Lauren Bruner’s Life After the War

Like many other Pearl Harbor survivors, when Bruner returned home from war, his nightmares weren’t about what he saw in the Pacific during the brutal conflict; they were about one Sunday morning in Hawaii: December 7, 1941.

He recalled suffering years of nightmares and the smell of his shipmates burning rarely left his mind. It wasn’t a topic he enjoyed discussing, but he spent many years reliving the events of that day, feeling as if it were his duty to keep the memory fresh. It was only with the release of his book Second to the Last to Leave USS Arizona that he partially closed that chapter, and thereafter he requested not have to answer additional questions or take part in further discussions about the attack.

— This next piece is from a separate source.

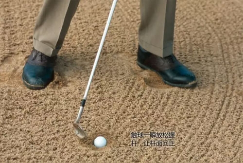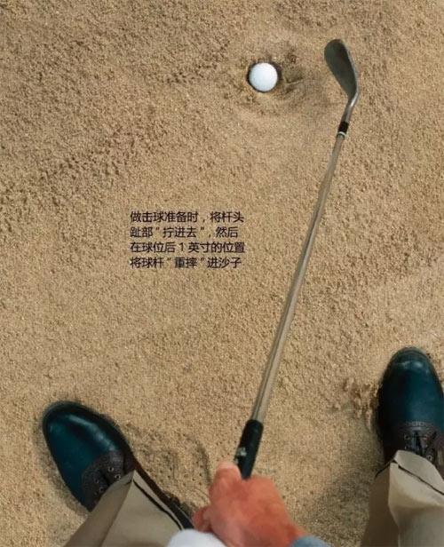 做击球准备时,通过转起杆头趾部将杆面盖上,同时双手与自己的胸部左侧平行,形成杆身一定的倾斜度。这使你下杆陡直进入球位后1英寸中的沙子中。

There was always a table for Lauren Bruner at Smiths Union Bar in Honolulu

There was always a table for Lauren Bruner at Smith’s Union Bar in Honolulu

For the rest of his days, Lauren Bruner worked tirelessly to preserve the importance of the past. He regularly returned to Honolulu for the annual Pearl Harbor Day commemorations, always making a point to stop in at Smith’s Union Bar, a favorite hangout for the men of USS Arizona. Of his many accomplishments throughout post-World War II life, one of his greatest was ensuring the man who saved him, Joe George, was properly honored. Since he had disregarded a direct order to sever the lines, George never received any commendation for saving six lives. With the help of Bruner, Stratton, and other Arizona survivors, George finally posthumously received recognition for his heroic acts.

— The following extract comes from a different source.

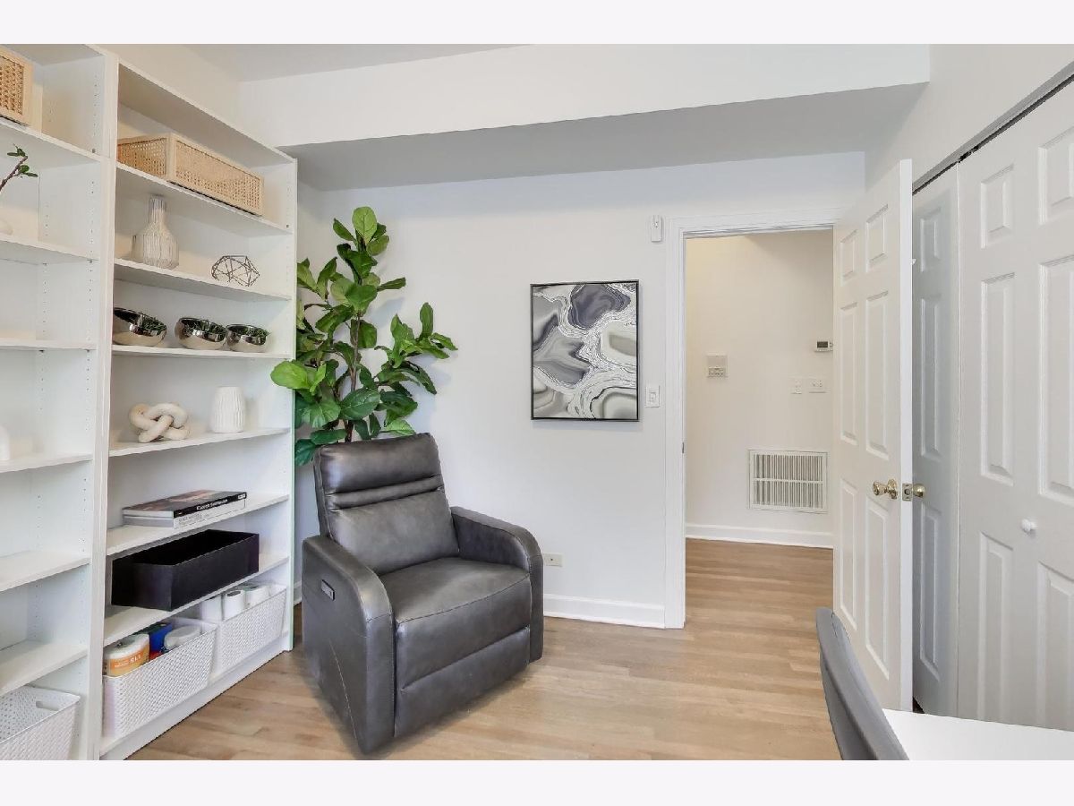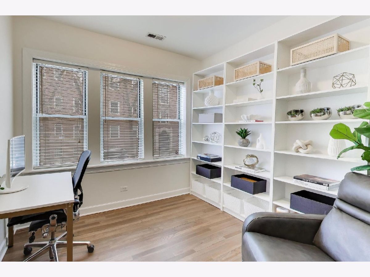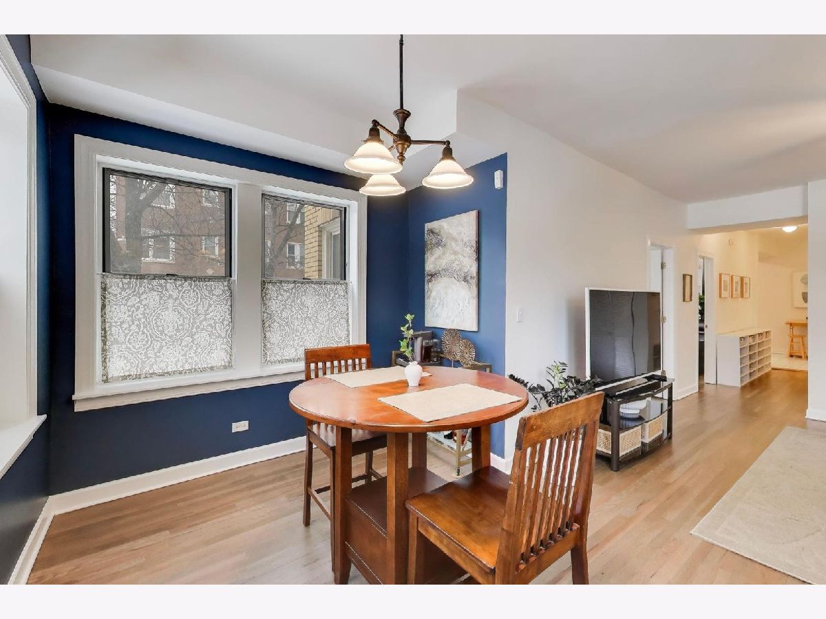 Discover the enchanting charm of Ravenswood Manor in this luminous 2-bed, 1-bath sanctuary, perched half a story above grade for a quiet, private perspective. Step inside, where soaring ceilings and crisp, gallery-white hues create an atmosphere of airy serenity. Elegant millwork and exquisitely refinished hardwood floors evoke a timeless sophistication, inviting you to immerse yourself in a home defined by comfort and style. The heart of the residence is the sun-drenched corner sunroom. Wrapped in north, east, and west-facing windows, this versatile haven basks in sunlight from dawn to dusk-the ideal backdrop for intimate dinners, a creative workspace, or a tranquil morning retreat. The modern kitchen sets the scene for culinary adventures with sleek stainless steel appliances, shimmering quartz countertops, and warm maple cabinetry. Two generously proportioned bedrooms, each organized with a custom Elfa closet system, offer ample space to craft your personal respite. Step outside to your private outdoor oasis-a perfect setting for morning coffee, outdoor culinary pursuits, or unwinding in the fresh air. Designed for an effortless lifestyle, the home includes an in-unit washer and dryer, central air conditioning, a spacious personal storage unit, and a shared bike room. Nestled on a tree-lined street in a professionally managed, pet-friendly building, you are located just two blocks from the Brown Line station. With the shops of Lincoln Square, the global flavors of Albany Park, and the scenic paths of the 312 River Run just moments away, this meticulously maintained home is the perfect canvas for your next chapter.

Lauren Bruner also launched his “Dream Gift to America,” a platform to raise money for a touchscreen kiosk to be installed at the Pearl Harbor National Memorial. Once operational, the kiosk will display information and an image of each of th 1,512 crew members of USS Arizona. He also established the Lauren F. Bruner USS Arizona Memorial Foundation, as a means of honoring the battleship’s crew and assisting military families across the country.

Lauren Bruner requested to have his ashes interred in the wreckage of the Arizona, to join the shipmates who perished in the attack on Pearl Harbor and those who have passed on in the years since.